-- Material provided follows --
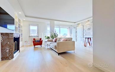 L'abitazione si sviluppa su una superficie di 140 mq calpestabili e si distingue per le sue finiture di altissimo livello, curate in ogni dettaglio. L'ingresso si apre su una splendida zona living open space caratterizzata da un ampio soggiorno con cucina abitabile a vista, progettata con materiali ricercati e impreziosita da una cantina vini Avintage integrata, ideale per gli amanti del buon vino e del design. La luminosità è uno dei tratti distintivi di questo ambiente, grazie alle grandi aperture che conducono a due comodi balconi, uno sul soggiorno FUORI MISURA triplo vetro e uno sulla cucina, ideali per godere del panorama.
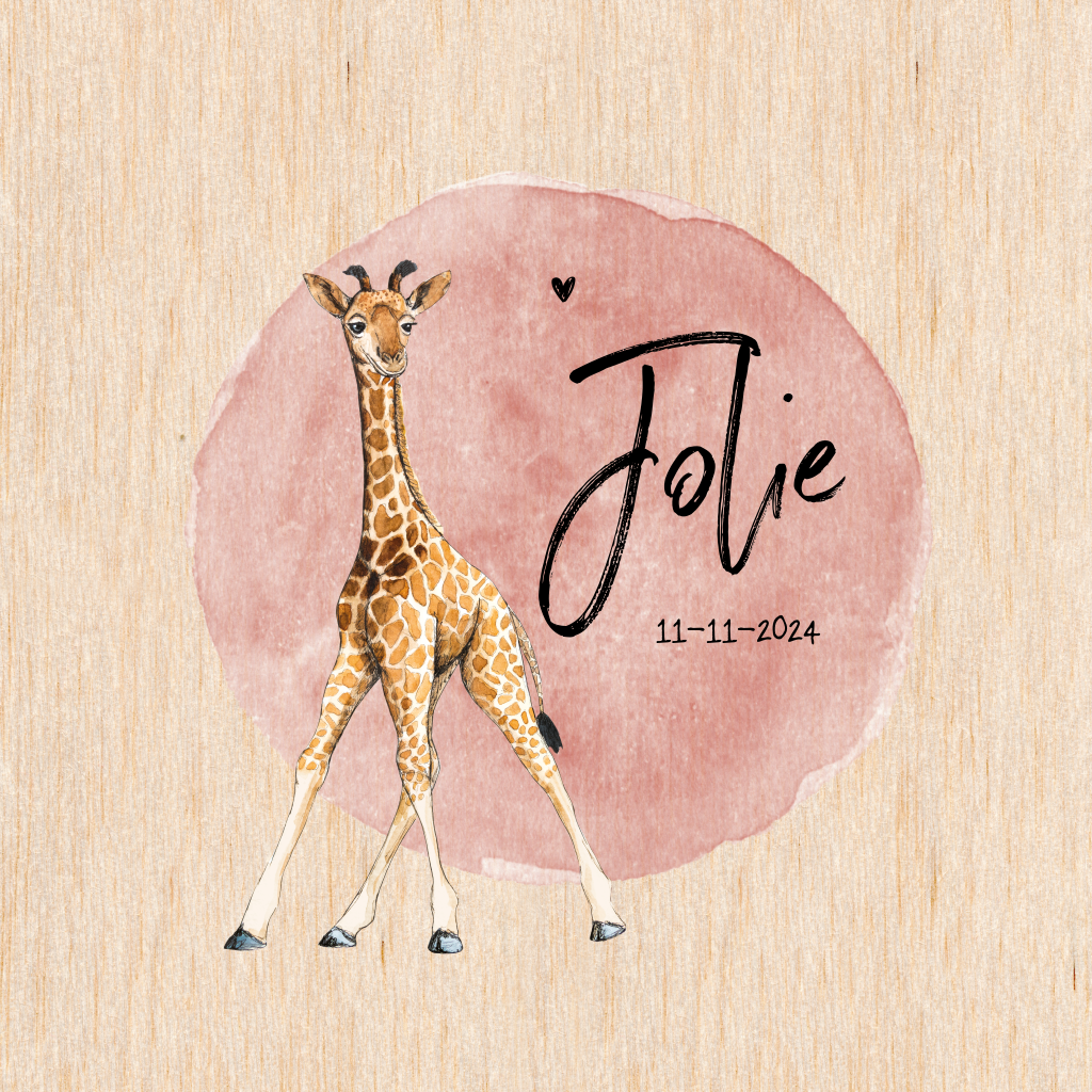 Lief girafje met de hand getekend en daarna met aquarel geschilderd. Dit kaartje van echt hout is perfect voor de geboorte van jullie dochtertje. Maak er, met de juiste kleuren en lettertypes, je eigen ontwerp van.
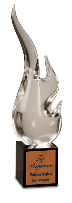 12 inch crystal flame award on black base quantity
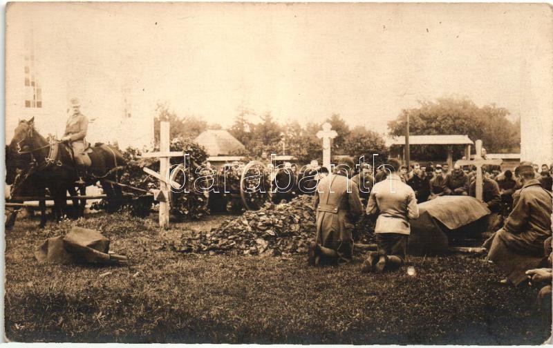 Katonai temetés, halottszállító lovaskocsi, gyászoló katonák / WWI Austro-Hungarian K.u.K. military funeral in the cemetery with hearse and mourning soldiers. photo
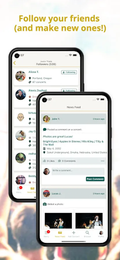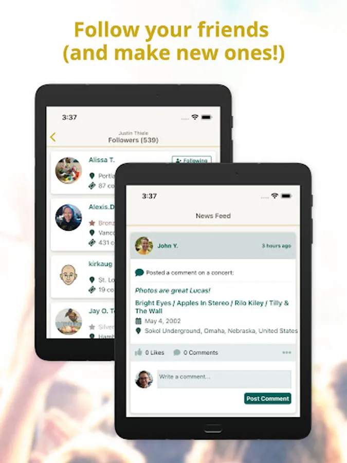 • Follow Friends (and make new ones!) See their concert history, photos/videos, favorite concerts, bucket list and more.
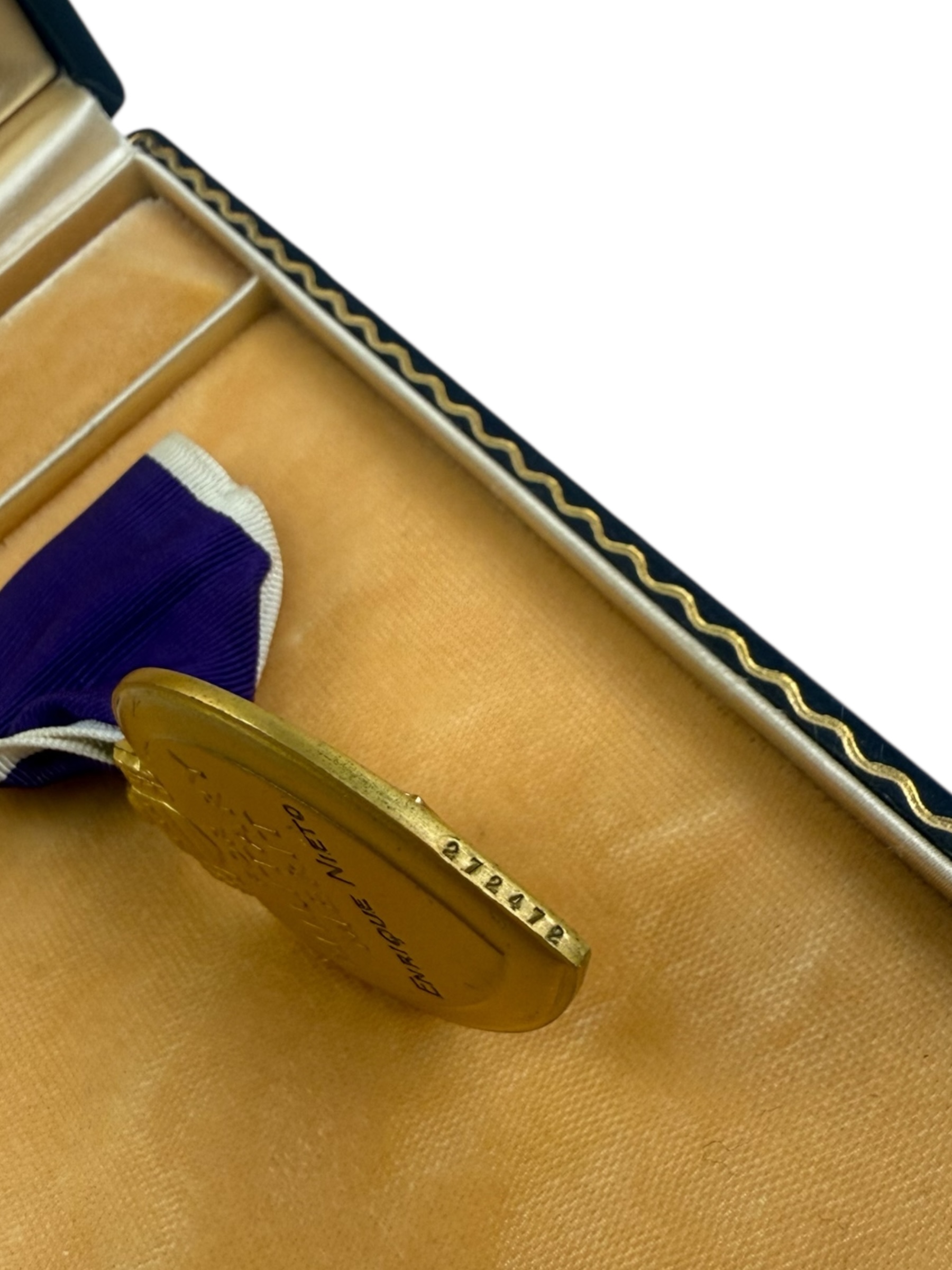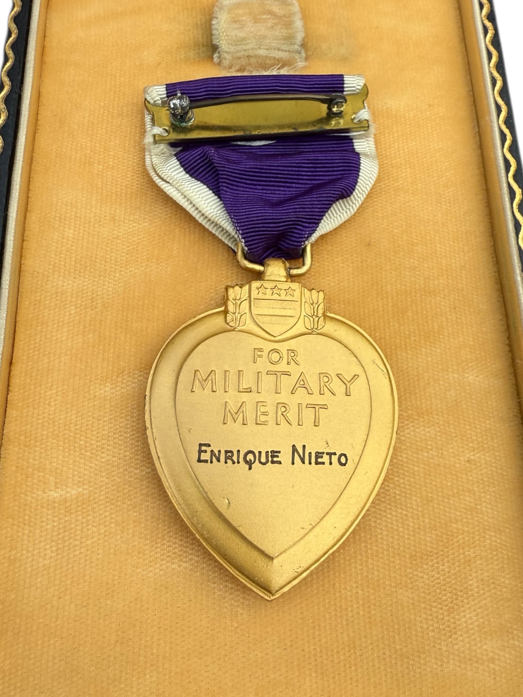 Deze Amerikaanse, handgegraveerde en genummerde Purple Heart werd toegekend aan Enrique Nieto, een jonge engineer met dienstnummer 18104575. Enrique stierf helaas op 29 mei 1943 op slechts 21‑jarige leeftijd. Amerikaanse Engineers bouwden tijdens de Tweede Wereldoorlog en onderhielden bruggen, wegen en vliegvelden, ruimden landmijnen op, legden verdedigingswerken aan en ondersteunden gevechtsoperaties. Ze zorgden ook voor water, sanitaire voorzieningen en elektriciteit, waardoor ze cruciaal waren voor de voortgang en veiligheid van de geallieerde troepen, vaak onder gevaarlijke omstandigheden.
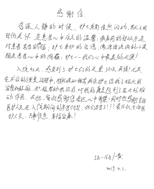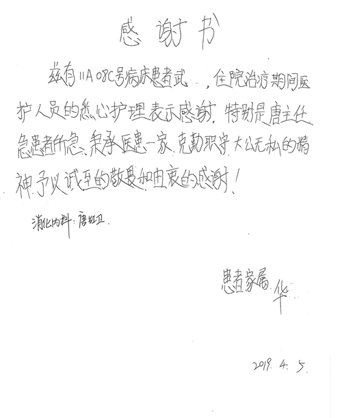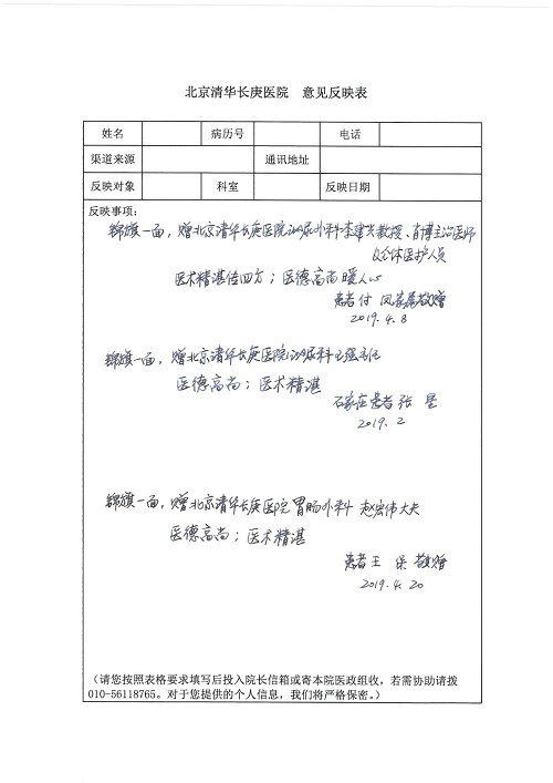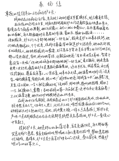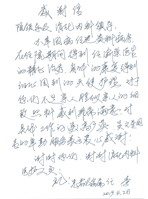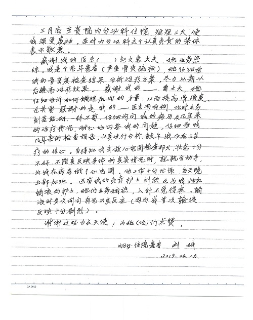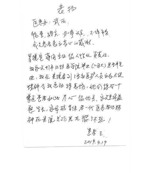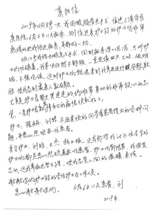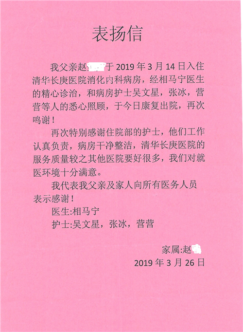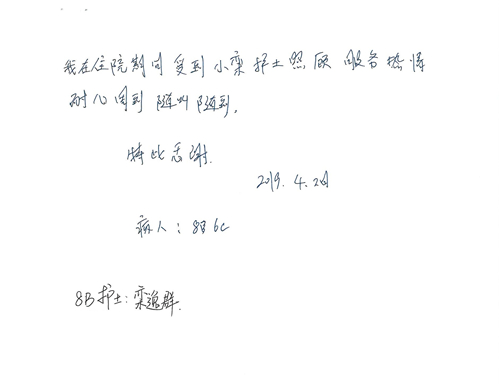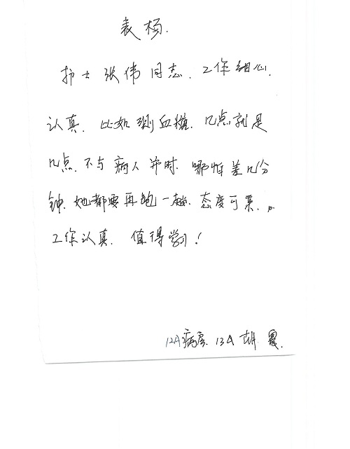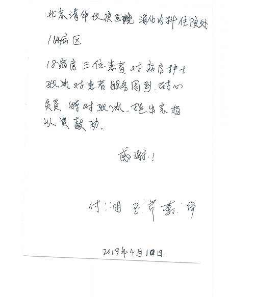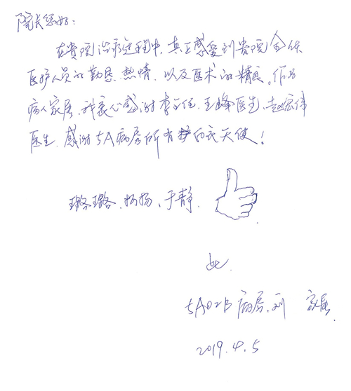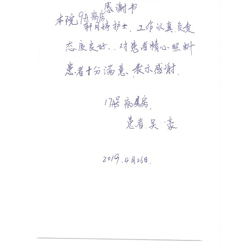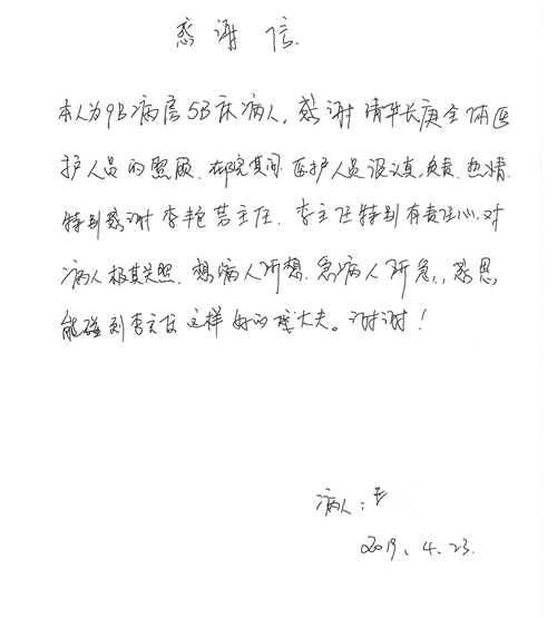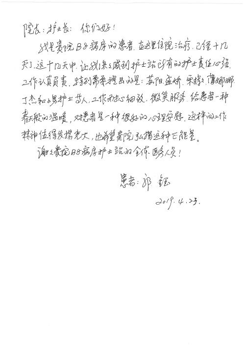 2019年4月,我院共接到患者及家属感谢信70封,其中肝胆胰外科董家鸿主任医师、卢倩副主任医师、汤睿主治医师,肝胆介入科张跃伟主任医师,肝胆内科黄缘主任医师、罗碧芬主治医师,肝胆胰中心陈虹主任医师、范铁艳副主任医师,神经外科李伟医师,神经内科付伟副主任医师、王也医生,普通外科白熠洲主治医师,胃肠外科李元新主任医师、王峰副主任医师、蔺宏伟副主任医师、张鹏主治医师、刘伯涛主治医师、孙孝文主治医师、赵宏伟主治医师、张骞主治医师,胸前外科陈东红副主任医师、杨帆主治医师,骨科顾苏熙主治医师、刘华玮主治医师,泌尿外科王强副主任医师、李建兴主任医师、肖博主治医师,心脏内科张萍主任医师、缪国斌主任医师、李艳芳主任医师、刘元伟副主任医师、佘飞副主任医师、薛亚军主治医师、周博达主治医师、谢颖主治医师、乔宇医师、周杰医师、赵兰婷医师、张瑞琪医师、李思源医师、张伟医师,心脏外科沈冬焱主任医师,呼吸与危重症医学科郭军副主任医师、蔡存良主治医师、赵景全主治医师、高博医师,张童医师、朱融融医师、王逸群医师、段瑶医师,消化内科蒋绚主任医师、唐红卫主任医师、相马宁主任医师、王佳主治医师、任渝棠主治医师、张瑞琪医师,内分泌与代谢科赵文惠副主任医师、曹沉香主治医师、冯雨桐医师,血液肿瘤科黄月华主治医师、钱坤医生、庄先静医生,康复医学科潘钰主任医师、樊森朝、尹航、苏胜民、杨绯、翟晓雪,眼科胡运韬主任医师、司山成主治医师,耳鼻咽喉头颈外科胡斌主治医师,急诊科王非主治医师、潘德星医生,放射治疗科郑卓肇主任医师,肾脏内科李月红主任医师,庄震副主任医师、李敏俠主治医师,麻醉科赵艳军主治医师、药剂科冯丽曼、孟慧杰,医事处谢晶文、邢彦京,医患办武丽,护理部方玲、赵雪莲、覃丽娜、王珍、阴晴、石慧、常丽莉、邵婷婷、姚惠云、高广英、吴文星、付伟、王也、武向兰、张冰、刘欣、栾逸群、纪晓欣、张丹丹、刘路、刘盼、王杰、杨玉琢、王文、张晶、卫莎、周浩、贺佳莹、钱月、陈梦琪、翟月星、张宏飞、张沙、高翔、孔宇佳、崔淑婷、刘杰、郭凯华、王朝群、孙姝研、吴春慧、宋华、陈佳、孟令威、刘杰、程书琪、张芳、郝建荣、杨敏、张璐、姚振云、于静、刘品钰、杜洪慧、林景熠、郑卓肇、李硕、赵素菁、李冬蓉、朱鸿飞、柯胜男、齐赛男、马小蓓、王英华、赵亚参、杨瑞、马海月、崔领玉、王翠萍、王翰婷、张伟、王爱华、吴琼、轩月婷、李娜、张璐、盖凯旋、马丽颖,5A全体医护人员,6B全体医护人员,9A全体护士们,10A全体医护人员,11B全体医护人员,内科全体医护人员,重症医学科全体医护人员消化内科全体医护人员,胃肠外科全体医护人员,心内科全体医护人员,急诊全体医护人员收到具名表扬。特此公告,以资鼓励!
-- Material provided concluded --
### Exercise:
Reproduce exactly, with no pictures, the lines above from the one holding "Lief girafje met" to the one holding "12 inch crystal", inclusive.

### Answer:
 Lief girafje met de hand getekend en daarna met aquarel geschilderd. Dit kaartje van echt hout is perfect voor de geboorte van jullie dochtertje. Maak er, met de juiste kleuren en lettertypes, je eigen ontwerp van.
 12 inch crystal flame award on black base quantity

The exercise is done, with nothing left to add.